Bayard Elfvin (born February 1, 1981) is an American retired soccer goalkeeper who is an assistant coach with the Northwestern University women' soccer team. Elfvin played professionally in the USL First Division and the second Major Indoor Soccer League. He was a member of the United States national beach soccer team which competed at both the 2006 and 2007 FIFA Beach Soccer World Cups.

==Player==

===College===
Elfvin led Div. II Ashland University to its first NCAA tournament appearance in 2001. A four-year starter, Elfvin was a two-time All-Great Lakes Intercollegiate Athletic Conference (GLIAC) selection for the Eagles.
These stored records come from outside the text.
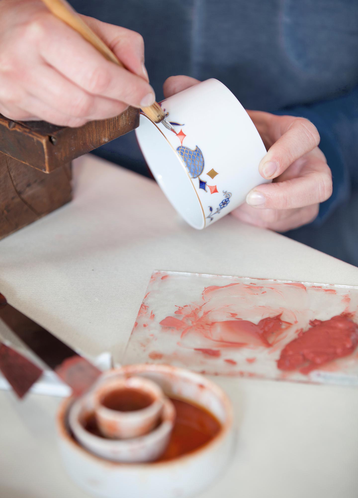 Zwei spezielle Techniken der Porzellanmalerei kommen bei der Entstehung des "Noble Blue" Dekors zur Anwendung, die nach höchster Präzision und Sorgfalt verlangen. Zunächst wird in der Unterglasurmalerei von Hand die manufaktureigene kobaltblaue Farbe mit feinen Pinselstrichen auf das unglasierte Porzellan aufgetragen. Der noch poröse Scherben saugt die Farbe sofort auf, sodass Korrekturen unmöglich werden. Der Dekor erscheint nun in einem matten Grau. Erst nach dem Glasieren und dem darauffolgenden Glasurbrand erstrahlt das Blau. Spezielle Inglasurfarben kommen für die anschließende Veredelung mit Rot und Gold zum Einsatz. Mit einer Stahlfeder von Hand aufgebracht, sinken diese Farben beim erneuten Dekorbrand leicht in die Glasur ein und werden so durch diese geschützt. Eine abschließende Politur lässt die Golddekoration erstrahlen.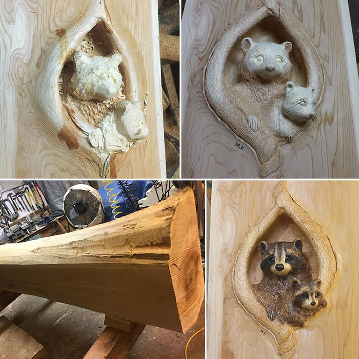 此外如此熱愛木雕服務的他,近年更專注於開創更多新的複雜細節,比如浣熊身上的深淺毛色與紋路,視覺上把自然之美與木雕結合起來,不說還以為是真實的!
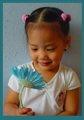 This is one of my daughterβs portrait photo I did years agoβ¦I have lots of these where she is holding different kinds of flowers, real or plastic and in different colors. In this photo is an artificial blue Gerbera. =)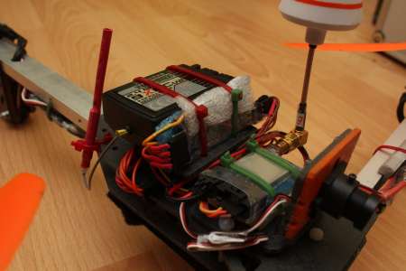 Minim OSD anzuschließen. Etwas versteckt hab ichs mit Kabelbinder eingepackt in Schaumstoff direkt neben den Receiver geklemmt.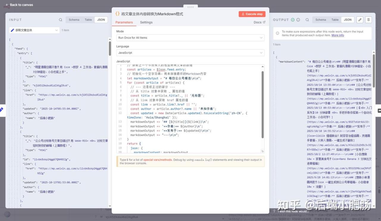 点击【+】按钮添加第5个节点Code,在代码部分输入将JSON格式转换为Markdown的功能代码,点击【Excute step】查看节点执行情况,可以看到数据格式由JSON转换为了Markdown格式。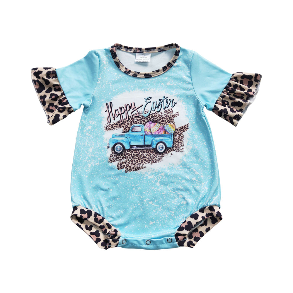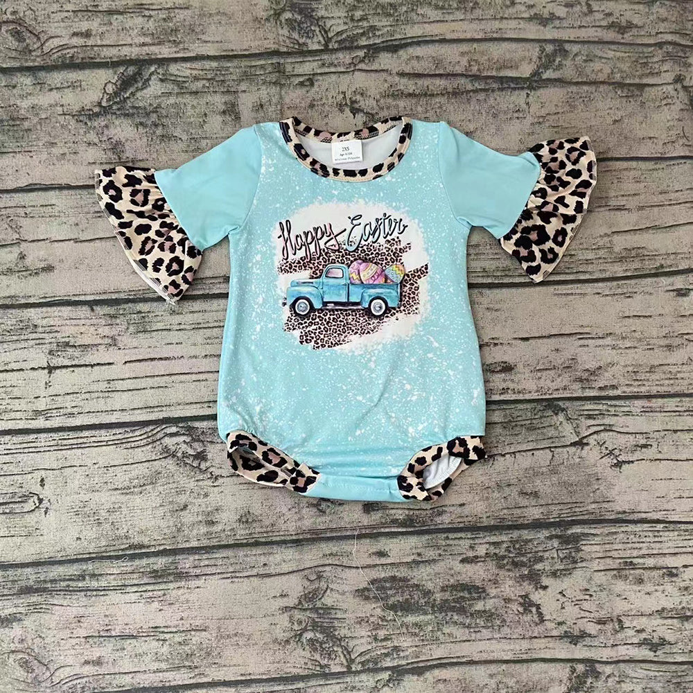 • Load image into Gallery viewer, Baby Girls Blue Happy Easter Bunny Rompers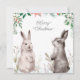 Christmas Holiday Watercolor Bunny. Rabbit, Floral Card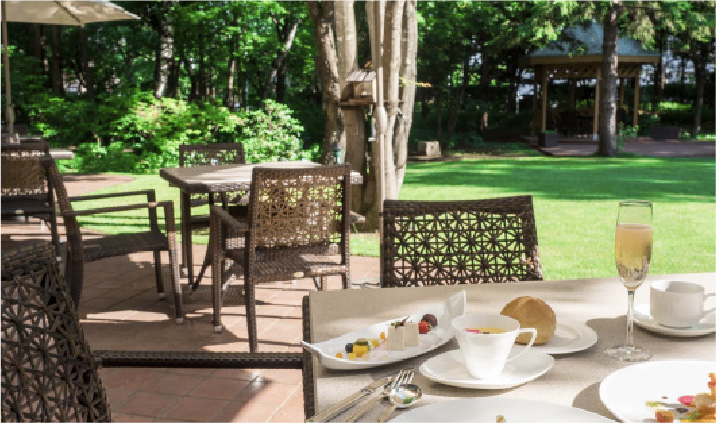 時には小鳥やリスが訪れるホテルの庭を見渡すことができ、夏季はテラスもご利用できます。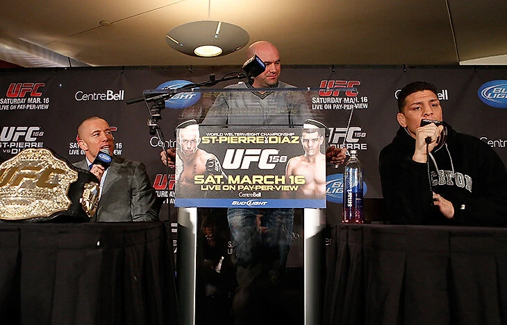 Поединок против Сен-Пьера – пик популярности Ника Диаза. Дана Уайт начал раскручивать этот бой сразу после победы Диаза над Пенном: «Вы не поверите, но Сен-Пьер сегодня вышел из себя. Он сказал: «Это самый неуважительный человек из тех, кого я встречал. Изобью его так сильно, как еще никто не избивал». Правда, позже Сен-Пьер признался, что никогда такого не говорил – Дана как обычно приукрасил.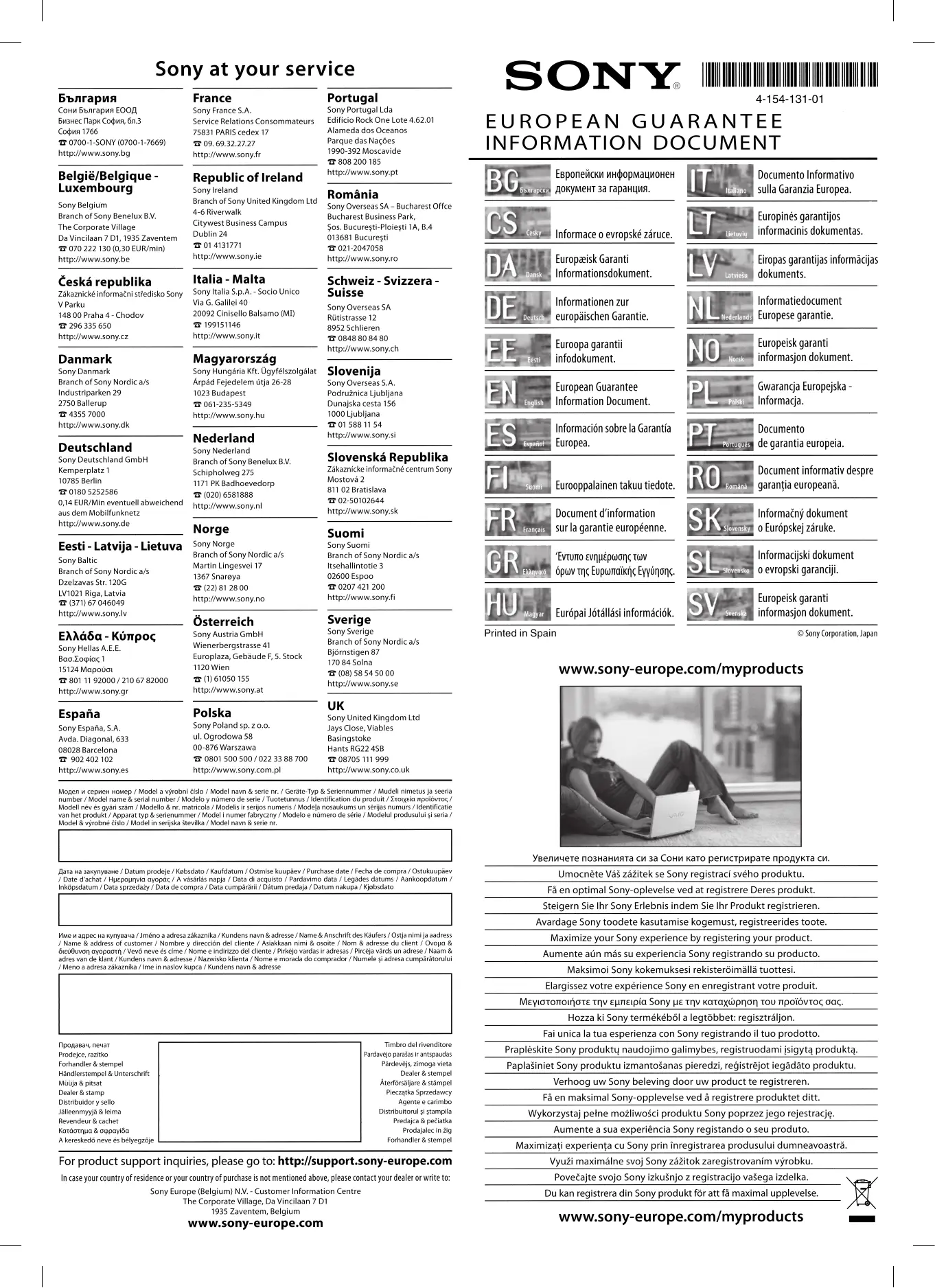 | Pièces détachées et réparabilité | Réparabilité limitée, pièces disponibles via le service après-vente Sony |

He ended his stay as the school's career leader in shutouts (14) and goals-against-average (1.23). He had a career record of 31–12–2. In his final season at Ashland, Elfvin posted a record of 7–1–2 and allowed just eight goals, the fewest in school history. He also notched four shutouts while recording a goals-against-average of 0.86 and 40 saves.

===Professional===

====Outdoor====
In 2004, Elfvin began his professional career when he signed with the Portland Timbers of the USL First Division. He made only two appearances for the Timbers his rookie season, posting two shutouts. In 2005, he moved to the Virginia Beach Mariners, but found himself back in Portland for the 2006 and 2007 seasons. In 2006, he played a career-high 502 minutes in six matches and recorded shutouts in half of his appearances. Elfvin was a two-time USL First Division Team of the Week selection in Week 9 and Week 18. In 2007, Elfvin was limited to just two starts and 135 minutes, posting a 1.33 goals against average.

====Indoor====
In 2004, Elfvin signed with the Cleveland Force of Major Indoor Soccer League. He appeared in six games for the Force in 2004–05, finishing with a 3–2 record. He faced 93 shots and recorded 63 saves for a 6.06 goals against average. The Force folded at the end of the season and the St. Louis Steamers selected Elfvin in the 2005 MISL Dispersal Draft. He finished the 2005–06 season with a 3–3 win-loss record and a 3.89 goals against average. In 2006, he moved to the California Cougars, logging 497 minutes and stopping 87 of the 145 shots he faced for a .600 save percentage. The Cougars collapsed at the end of the season and Elfvin found himself selected by the New Jersey Ironmen in the 2007 Dispersal Draft. In May 2009, the Chicago Storm of the Xtreme Soccer League signed Elfvin to replace injured goalkeeper Jeff Richey.

===National team===
Elfvin has been part of the U.S. Beach Soccer Team at both the World Cups 2006, 2007.

==Coach==
In 2011, Elfvin became an assistant coach with the Northwestern University women's soccer team.